◆ **DATA BELOW**

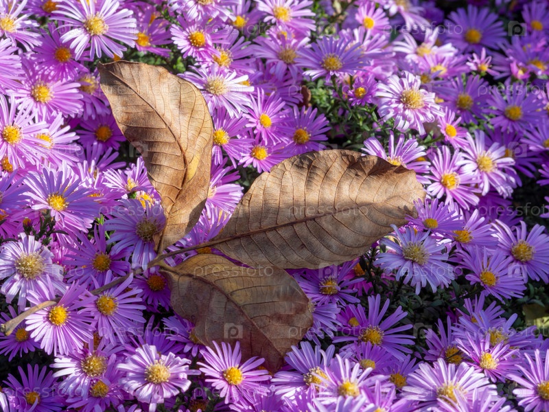 Желтый опавший осенний лист на цветущем лугу цветов астры альпийской крупным планом. Концепция жизни и смерти
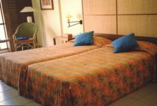 Die in schlichter Eleganz eingerichteten Zimmer bieten Bad/Dusche, WC, Telefon, Sat.-TV., Klimaanlage, Minibar, Föhn, Safe, Wasserkocher für Kaffee und Tee und einen kleinen Balkon. Die Garten-Villen
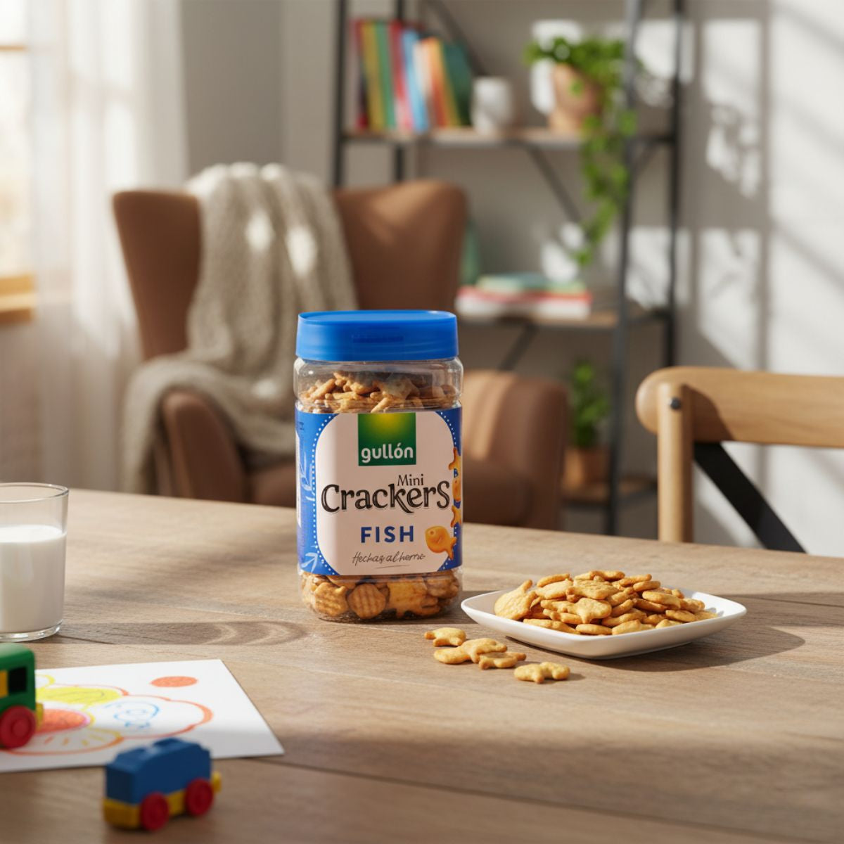 Τα Gullon Mini Fish είναι τα ιδανικά αλμυρά μπισκοτάκια για μικρούς… αλλά και μεγάλους! Με παιχνιδιάρικο σχήμα ψαριού και υπέροχη τραγανή υφή, αποτελούν το τέλειο σνακ για το σχολείο, τη βόλτα ή το σπίτι.
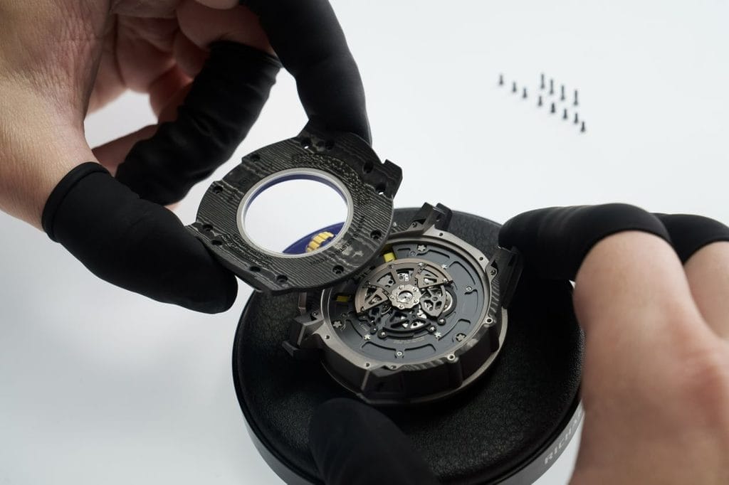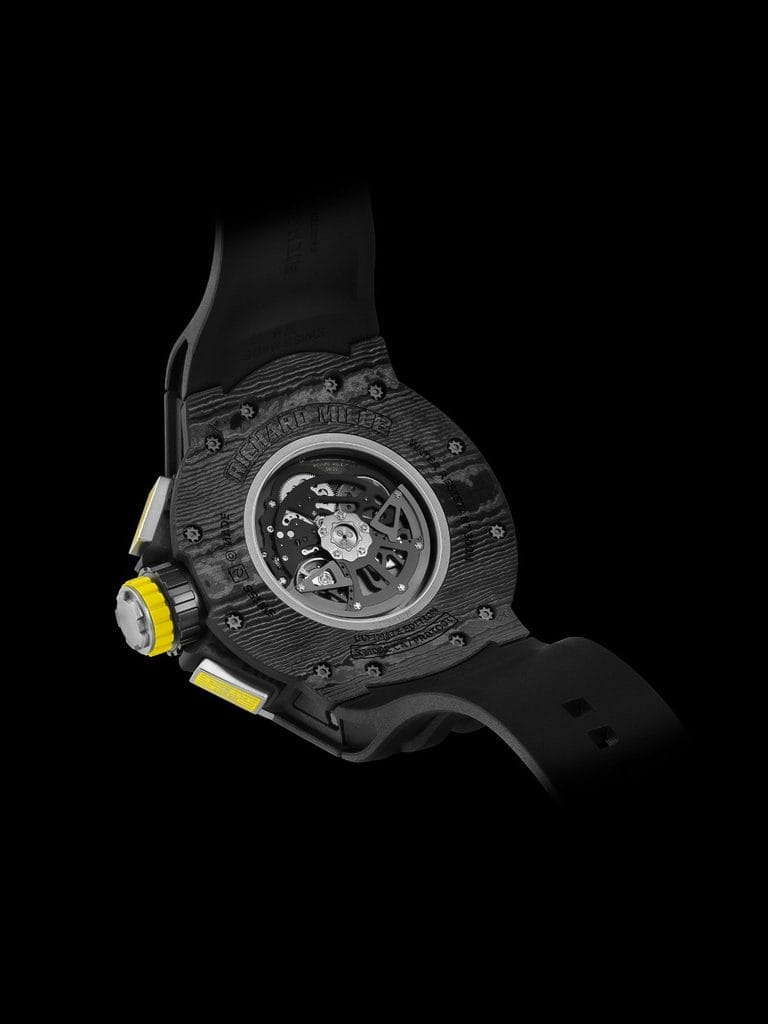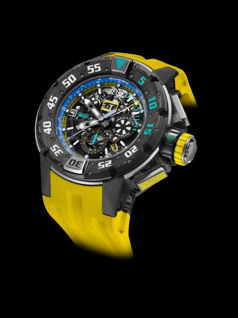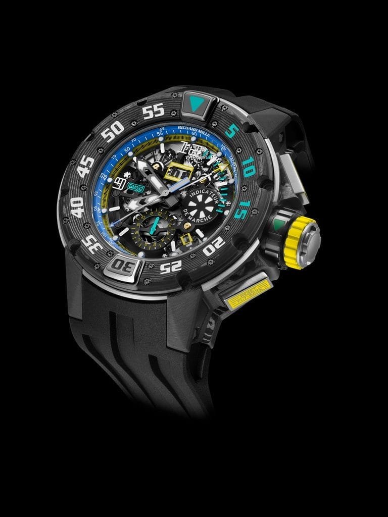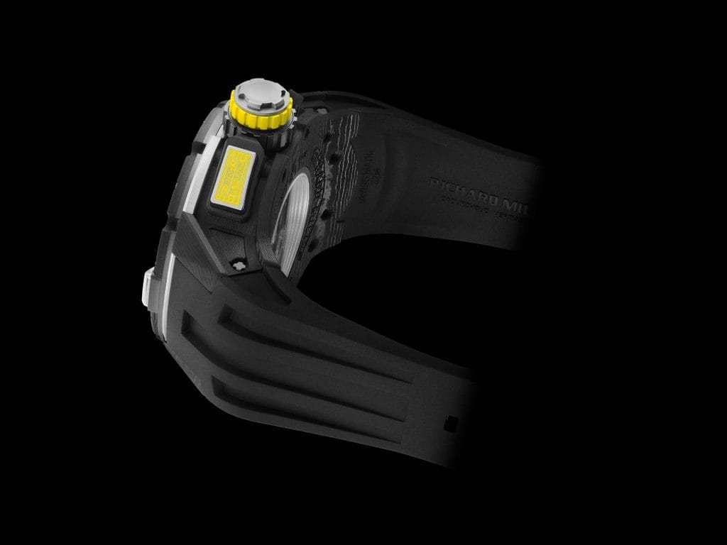 Afin de prévenir toute activation accidentelle des poussoirs sous la pression exercée par l’eau, Richard Mille a breveté une couronne verrouillable. Cette innovation, combinée à un système d’étanchéité optimisé, garantit une sécurité optimale. Les bagues rotatives de la couronne et des poussoirs indiquent leur statut : vert pour déverrouillé, rouge pour verrouillé.

◆ **WHAT TO DO**
In the listing above, find the line containing "Die in schlichter" and the line containing "Τα Gullon Mini". Reproduce those lines and all between them exactly, with no pictures and nothing more.

◆ **COMPLETED EXERCISE**
 Die in schlichter Eleganz eingerichteten Zimmer bieten Bad/Dusche, WC, Telefon, Sat.-TV., Klimaanlage, Minibar, Föhn, Safe, Wasserkocher für Kaffee und Tee und einen kleinen Balkon. Die Garten-Villen
 Τα Gullon Mini Fish είναι τα ιδανικά αλμυρά μπισκοτάκια για μικρούς… αλλά και μεγάλους! Με παιχνιδιάρικο σχήμα ψαριού και υπέροχη τραγανή υφή, αποτελούν το τέλειο σνακ για το σχολείο, τη βόλτα ή το σπίτι.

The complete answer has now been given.